Assignment
Make an exact copy of the lines from the top of the entries below through the line with "此前,中国执行信息公开网信息". Leave all pictures out.

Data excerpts
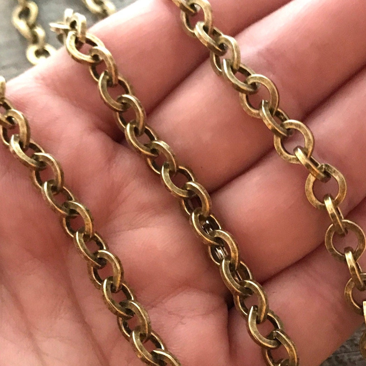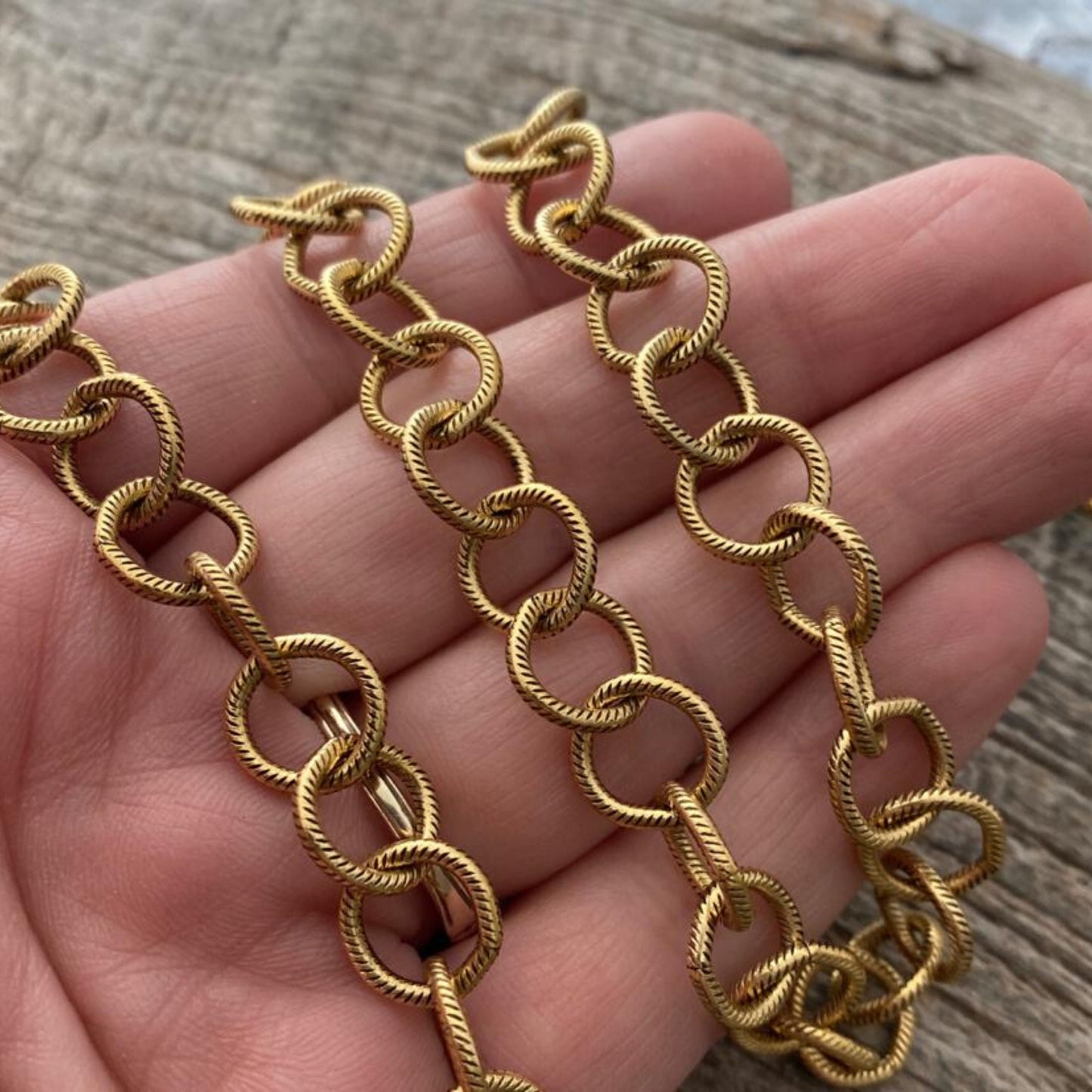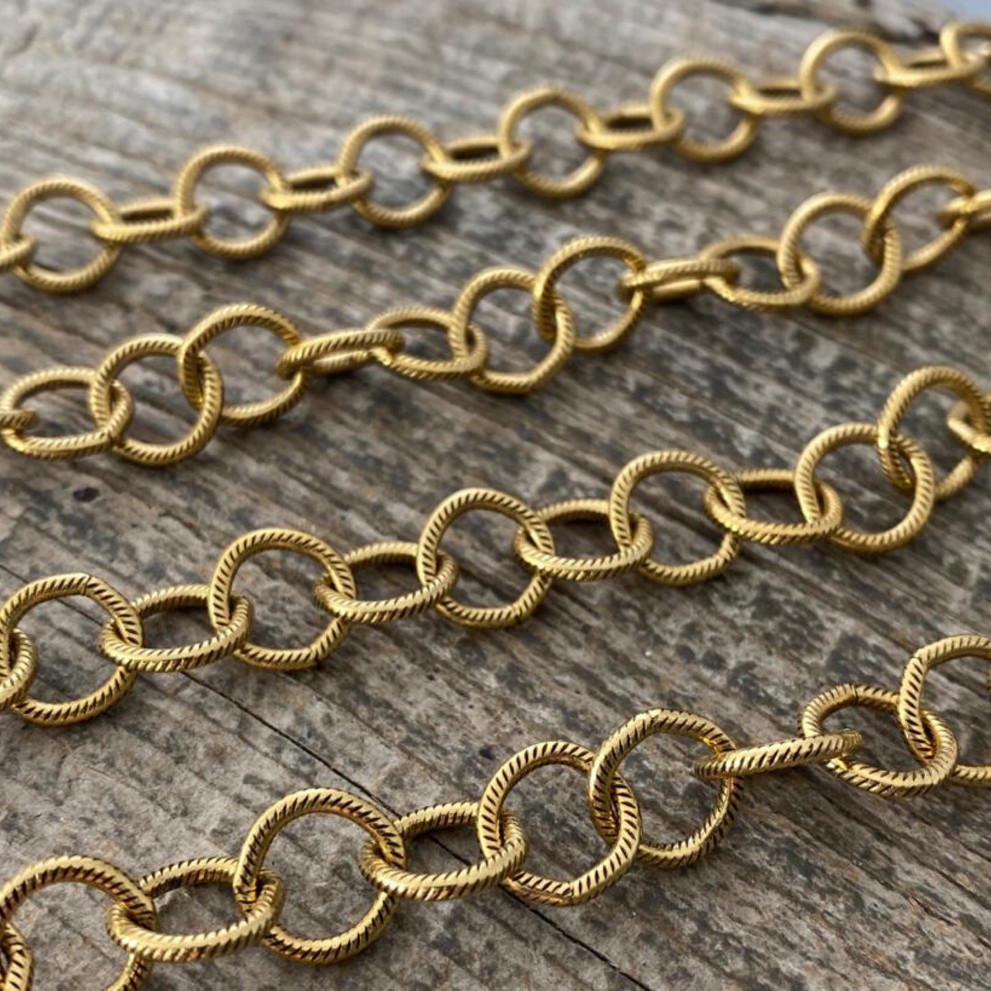 Add Large Textured Etched Chain, Circle Cable Bulk Chain By Foot, Antiqued Gold Necklace Bracelet Jewelry Making GL-2019 to the cart
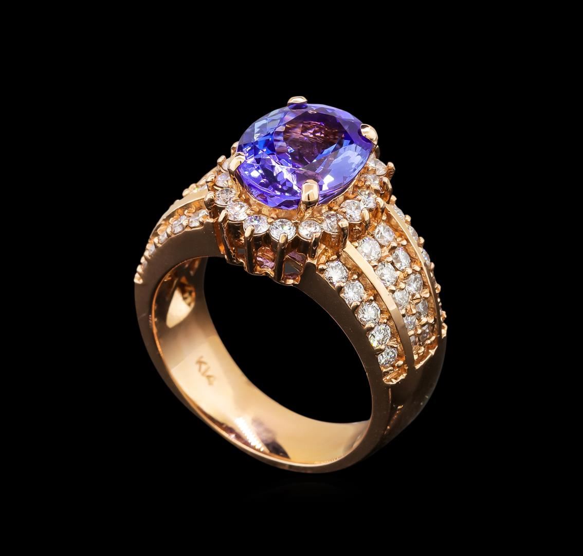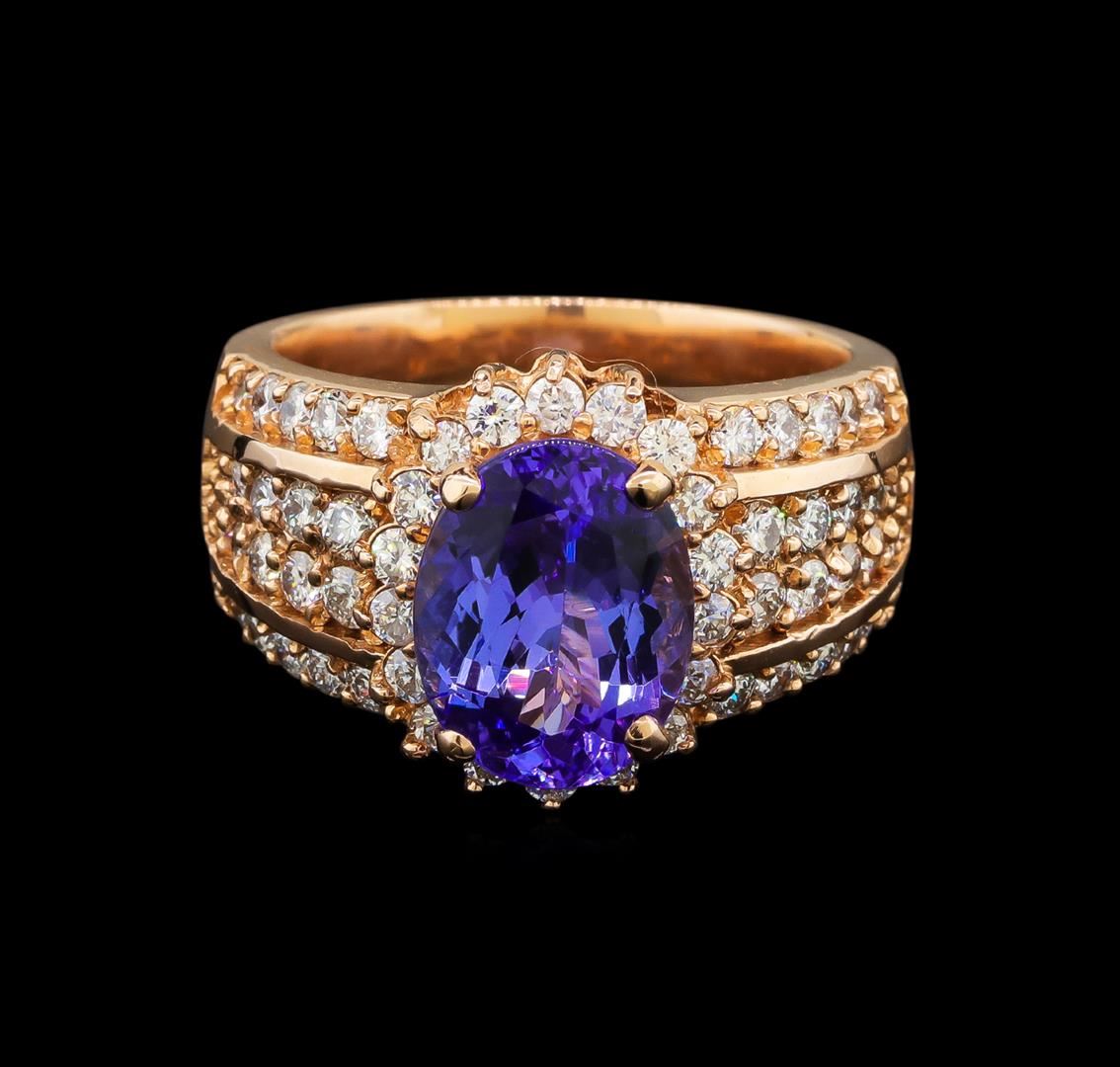 One electronically tested 14KT rose gold ladies cast tanzanite and diamond ring with a bright polish finish. Identified with markings of "K14". Condition is new. Containing: One prong set oval modified brilliant cut natural tanzanite, measuring 11.10 x 8.60 x 5.59mm, approximate weight of 3.75ct., clarity is eye clean, type I, medium light, very slightly grayish, violet color, (GIA V 4/3), cut is good. Fifty-Eight channel set round brilliant cut diamonds, measuring 1.80 - 1.80 x 1.08mm (depth est.) approximate total weight of 58 Stones = 1.24ct. Clarity: SI-1 to I-1. Color: H - I, Cut is Good. Colored gemstones are presumed to have been subjected to commonly used enhancement processes. All diamonds and colored gemstones are graded in the mounting, unless otherwise stated. Total Weight of Colored Stones 3.75ct. Total Weight of Diamonds 1.24ct. Total Weight of Ring 10.90 grams. GGL Appraised.
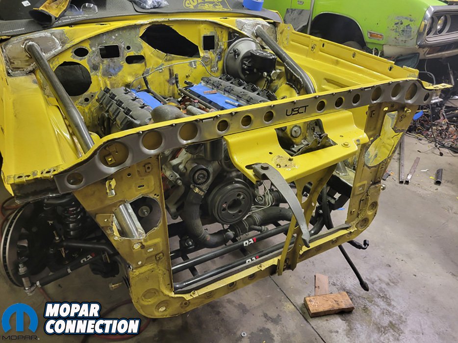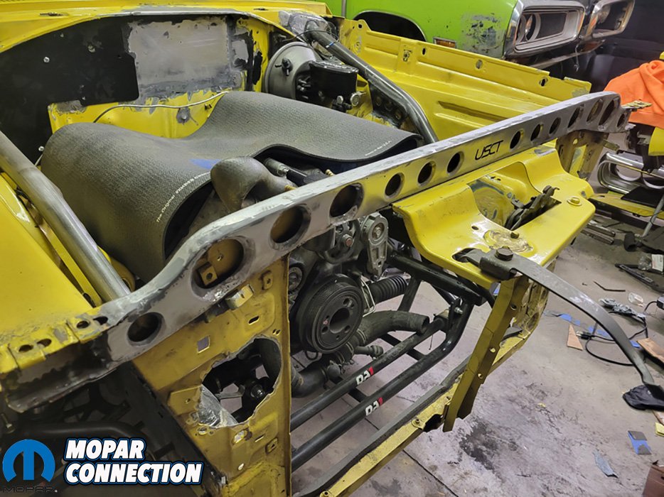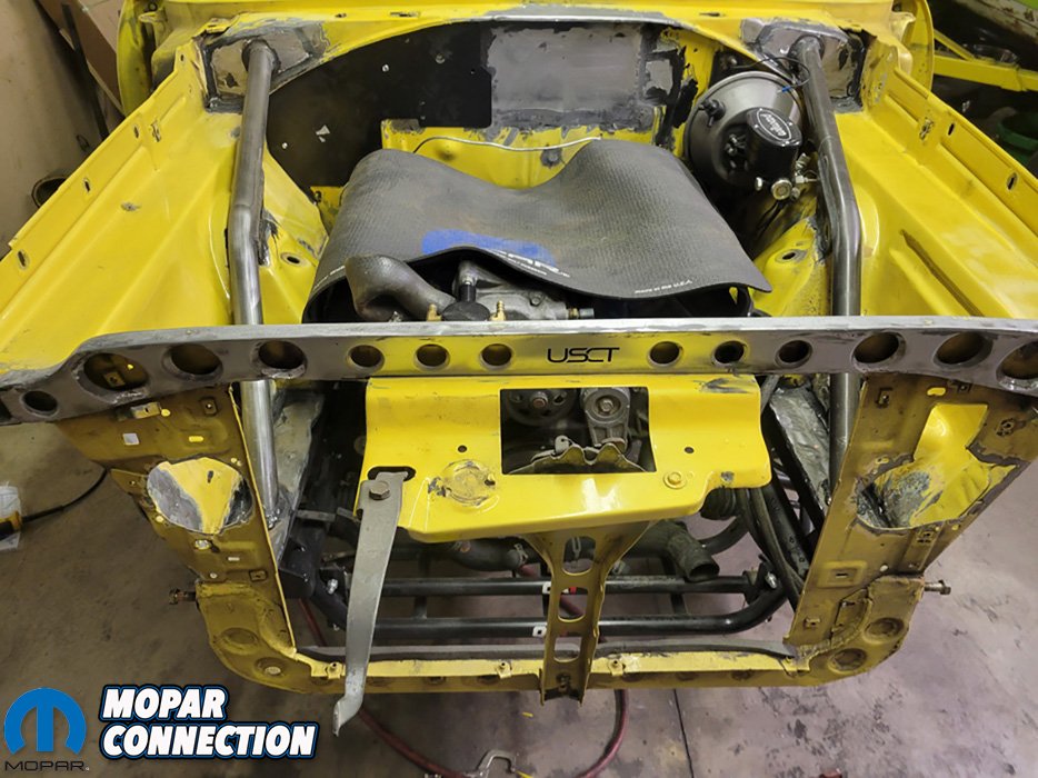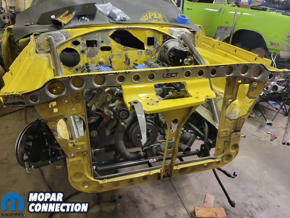 The Super Bee was already getting some engine bay modifications such as triangulating the frame rails to fire wall and relocating the wiper motor under the dash, so it was the perfect time to install the front core support brace.
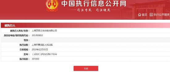 此前,中国执行信息公开网信息显示,12月3日,“上海笑果文化传媒有限公司”被上海市黄浦区人民法院列为被执行人,执行标的30.1万元。
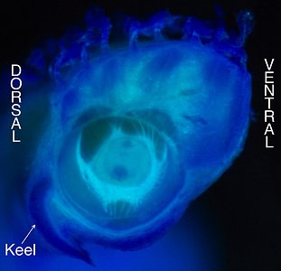 Figure. Spirula spirula, Left - Female, 37 mm ML. Cross-section through mid-club showing the basic structure of the club core, and the attachment of the keel and sucker stalks. Most of the core outside the axial nerve cord is composed of muscles. Dots on drawing areas indicate primarily longitudinal muscles. Other colors and fill-lines indicate more complex musculature. The red dot, on the aboral side of the nerve cord, is the major artery of the club; the blue dot, oral to the nerve cord, is the major vein of the club. More of the outer layer of the intercrossing fibers of the stalk reach through the pink layer than shown (this was done prevent obscuring the large pink layer). The drawing by R. Young is a compilation taken from histological cross-sections. Right - Mature male, 35 mm ML. Single cut, using scalpel, through middle of club and lightly stained with methylene blue to show attachment of keel. Also a hint of the outer and inner portions of the sucker stalks are apparent.
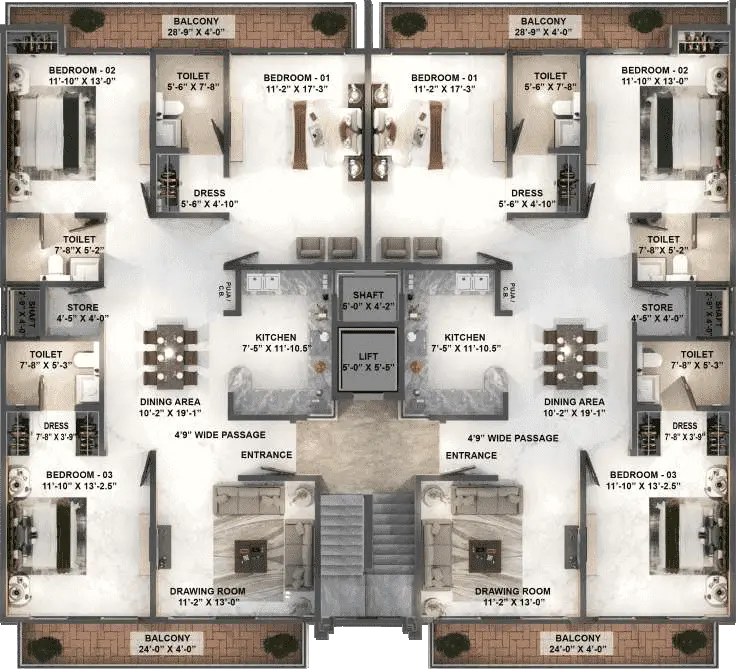 | Floor Type | Super Area (Sq. Ft.) | Carpet Area (Sq. Ft.) | Balcony Area (Sq. Ft.) | Approx. Pricing (INR) |
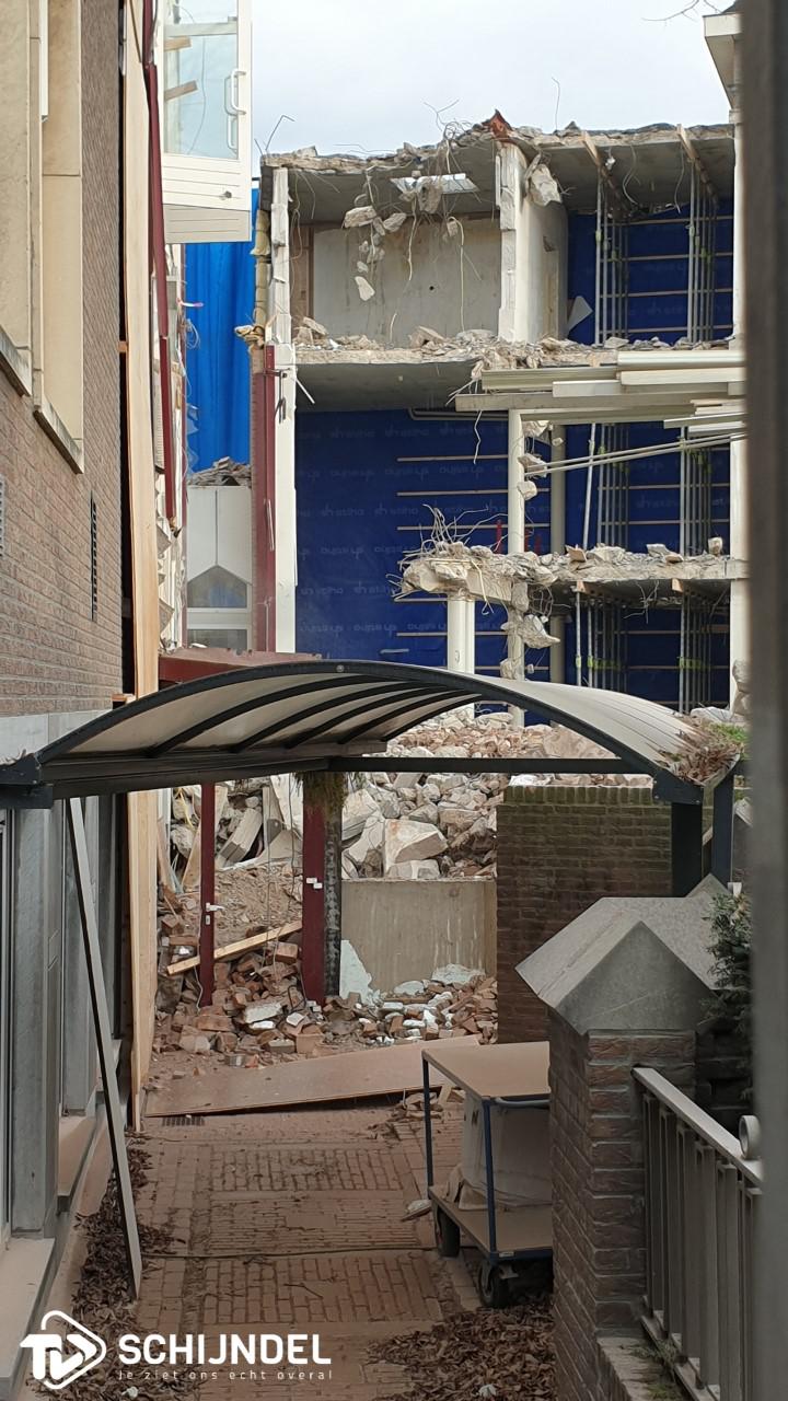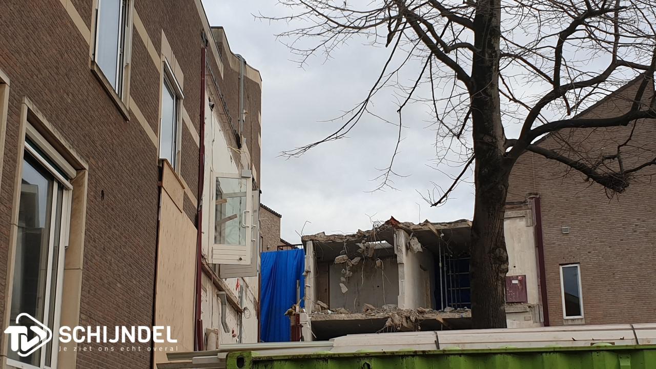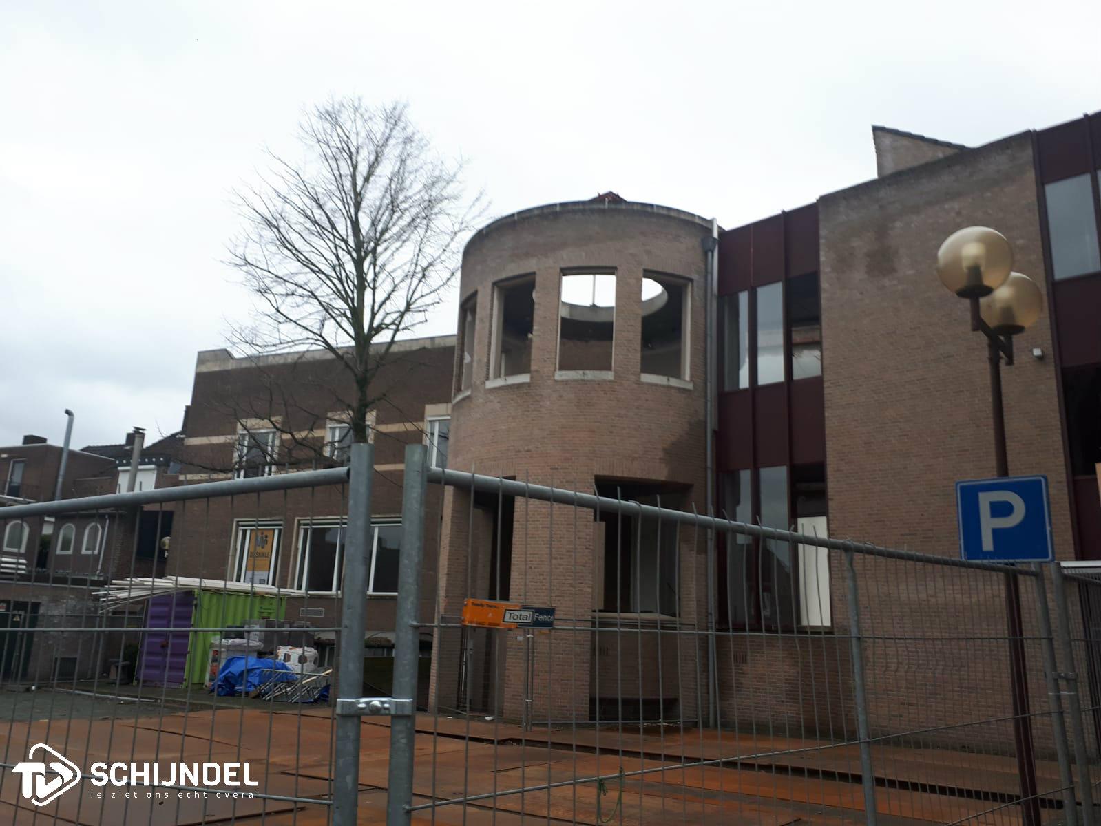 Schijndel - De gedeeltelijke sloop van het voormalig gemeentehuis van de gemeente Schijndel is in volle gang. De splitsing is zo goed als gerealiseerd. Afgelopen weken werden al enkele muren en vele ramen verwijderd. Vorige week werd begonnen met de sloop van de zogenoemde Ronde Kamer aan de achterzijde. Afgelopen dagen zijn de laatste muren die het nieuwe en oude gedeelte aan elkaar verbonden, ook met de sloophamer naar beneden gehaald. Vanaf de voorzijde zijn de woningen aan het Verlengde Kloosterpad nu bijna zichtbaar. Vanaf de achterzijde is het kleine kerktorentje van de Sint Servatiuskerk zichtbaar tussen de nieuw- en oudbouw door. De splitsing was nodig vanwege de nieuwe plannen met het voormalig gemeentehuis. Onder 'lees meer' enkele foto's. |

Solution below
 Add Large Textured Etched Chain, Circle Cable Bulk Chain By Foot, Antiqued Gold Necklace Bracelet Jewelry Making GL-2019 to the cart
 One electronically tested 14KT rose gold ladies cast tanzanite and diamond ring with a bright polish finish. Identified with markings of "K14". Condition is new. Containing: One prong set oval modified brilliant cut natural tanzanite, measuring 11.10 x 8.60 x 5.59mm, approximate weight of 3.75ct., clarity is eye clean, type I, medium light, very slightly grayish, violet color, (GIA V 4/3), cut is good. Fifty-Eight channel set round brilliant cut diamonds, measuring 1.80 - 1.80 x 1.08mm (depth est.) approximate total weight of 58 Stones = 1.24ct. Clarity: SI-1 to I-1. Color: H - I, Cut is Good. Colored gemstones are presumed to have been subjected to commonly used enhancement processes. All diamonds and colored gemstones are graded in the mounting, unless otherwise stated. Total Weight of Colored Stones 3.75ct. Total Weight of Diamonds 1.24ct. Total Weight of Ring 10.90 grams. GGL Appraised.
 The Super Bee was already getting some engine bay modifications such as triangulating the frame rails to fire wall and relocating the wiper motor under the dash, so it was the perfect time to install the front core support brace.
 此前,中国执行信息公开网信息显示,12月3日,“上海笑果文化传媒有限公司”被上海市黄浦区人民法院列为被执行人,执行标的30.1万元。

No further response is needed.